Well the server came in today. I took it home, and put the additional harddrive and dvd drive in it. Hooked it up to a montior/keyboard and mouse and booted it, man the initial boot is loud with the internal fans going at well over 12,000RPM, they then quiet down a little to about 6,000 RPM. So up pops up the begining of the Solaris boot screen, and then it just goes blank. Nothing on the screen at all. Great, now what? Started going through the 4 little books that came with it, and no where in there did it say that by default that it uses serial redirection! I have played with a V20Z at the office and it did not do that. So I think in my attempts to figure out why there was nothing on the screen, I corrupted something on the boot disk. I was able to boot off of a Solaris 10 GA disk, but that is not supported by this hardware. I could see the disks in the machine, but that was it. So now I am in the process of downloading the Solaris 10 x86 U1 dvd so I can burn it and try to boot and install from it.
Another major gripe I have is this from the release notes for the server:
SATA Hot Plug for Windows XP OS Only
SATA hot plug is supported only for the Windows XP Operating System (OS). If you wish to change hard disks with Linux or Solaris, you must rebooth the system.
What the F****…. I mean no where on Sunsolve does it say this, in fact on this Sun Solve Doc #83605, it talks about the X2100 server and near the bottom you will see:
If the primary root disk fails, the system will continue to run from the
secondary boot disk. There will be SCSI errors on the console, about the disk
failure.
“Primary root disk can be replaced online without bringing down the system”
Note: It is not necessary to remove the failed disk using the cfgadm or devfsadm
commands. If a new disk is installed in place of the failed disk, just
execute the devfsadm command, so that the OS can recognize the new disk.
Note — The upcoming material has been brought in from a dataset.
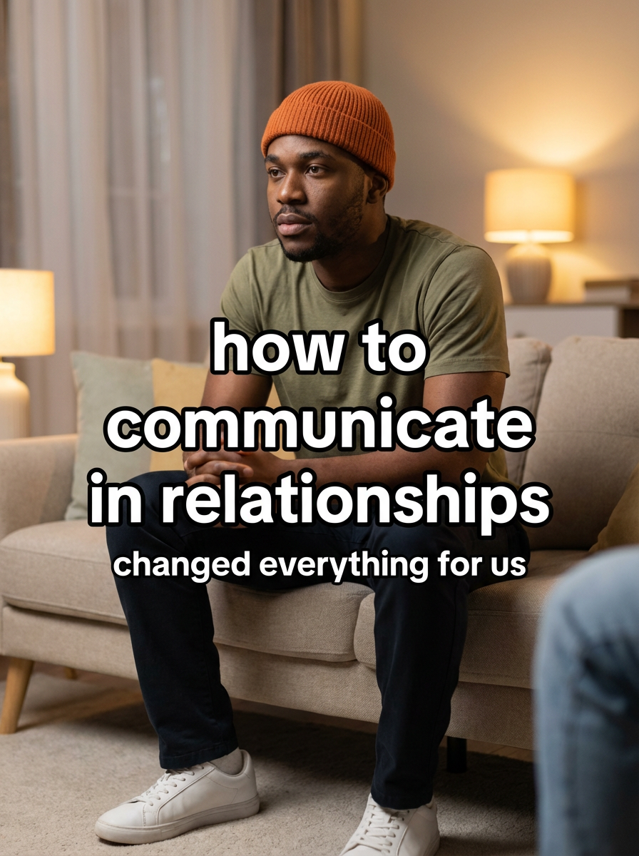 model in couples therapy attire in comfortable living room setting, thoughtful expression, warm intimate lighting. TikTok-style text overlay with white text with black outline: "how to communicate in relationships" smaller text: "(changed everything for us)", do not show tiktok interface or logo

Then the “format” command will show the new disk. If the new installed
disk installed has no fdisk partition, then create the fdisk partition
from the format program, so that the new disk can be used for mirroring.
So I am confused, which is it? Can you or can’t you hot swap the drives? And why on earth would I want to run Windows XP on a server? I hope this little “feature” is fixed real soon.